Moqueca (pronounced “mo-KEH-kah”), is a simple fish stew that we’ve adapted to fit within a keto diet. Our Keto Brazilian Fish Stew uses white fish, coconut milk, lime juice and a variety of colorful vegetables. This is a simple dish that’s full of flavor!
How to Make Moqueca
We start off this dish by marinating the fish in lime juice and salt. We let this sit in the fridge while preparing the stew. The key to making this stew as flavorful as possible is to sauté all of the vegetables. Sautéing the carrot and red pepper will not only help soften the veggies but give the stew its amazing vibrant color. Once all of the vegetables are soften, it’s time to add the seasoning and chicken or fish stock. This soup only needs to simmer for 25 minutes for the flavors to come together and develop. Add coconut milk at the end to help thicken the stew and add its signature flavor.
I have seen this dish being made with salmon, shrimp or white fish. For our recipe, we chose to use Basa as it has a very mild flavor. Cod or Halibut will also be great here. Feel free to use any fish that you like.
Moqueca is a stew that is meant to be served with rice. For our Keto Brazilian Fish Stew you can serve this will cauliflower rice or add extra broth and turn this into a soup (this is what we do)! Adjust the seasoning (salt and pepper) accordingly. Once the stew is done cooking, garnish with fresh cilantro, parsley or green onion.
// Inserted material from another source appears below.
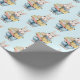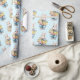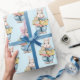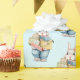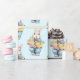 Celebra el primer cumpleaños de tu hijo con este lindo regalo de cumpleaños. El diseño incluye un conejito con un montón de regalos de cumpleaños. El fondo es un sutil patrón azul claro.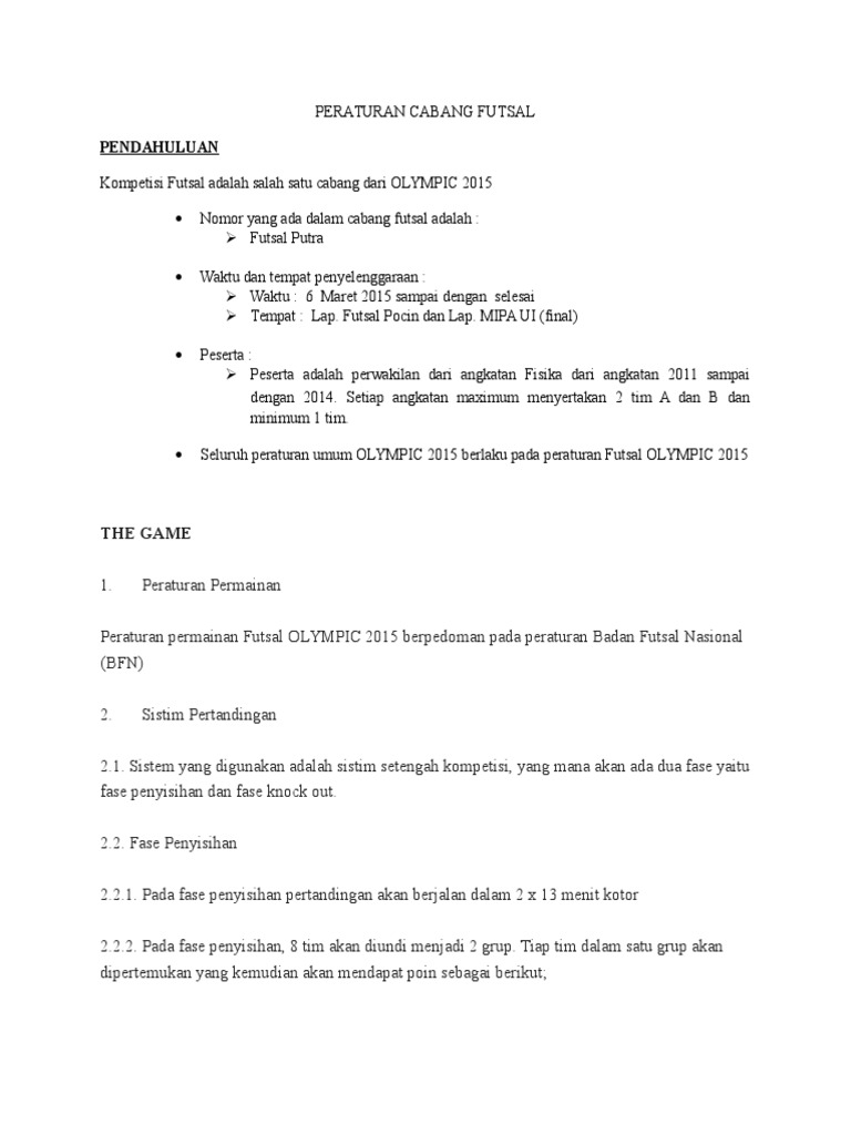 Doc Peraturan Khusus Futsal Bang Ndowek Academia Edu

Keto Brazilian Fish Stew (Moqueca)
- 1 – 1 1/2 lbs White Fish (Basa, Cod, Halibut etc)
- 1-2 Limes Juiced, to marinate the fish.
- 3 tbsp Coconut Oil Or olive oil, canola oil etc.
- 3 Garlic Cloves Minced.
- 100 grams White or Yellow Onion Diced.
- 100 grams Carrot Diced.
- 150 grams Red Bell Pepper Diced, about 1 cup.
- 1 tbsp Tomato Paste
- 1 tbsp Paprika
- 1/8 tsp Red Pepper Flakes
- 275 grams Tomato Diced, about 1.5 cups.
- 1 cup Chicken or Fish Broth Optional, add 1 extra cup of broth if you want this to be more of a soup consistency. Adjust seasoning to taste.
- 1 Lemon Juiced.
- 1 Can Coconut Milk, 398 ml
- 1/4 Cup Fresh Cilantro, Parsley or Green Onion
- Salt To Taste.
- Pepper To Taste.
- In a large pot heat oil over medium heat.
- Meanwhile, cut the fish into 2 inch pieces. Marinate with salt and lime juice while the stew is cooking.
- Sauté diced onions in the pot until translucent, about 5 minutes.
- Add minced garlic and sauté until fragrant, about 1-2 minutes.
- Add diced red bell pepper and carrots to the pot and sauté until soft, about 5-7 minutes.
- Stir in tomato paste and cook until fragrant, about 1 minute.
- Add diced tomatoes and paprika to the pot and cook until tomatoes have softened, about 3-4 minutes.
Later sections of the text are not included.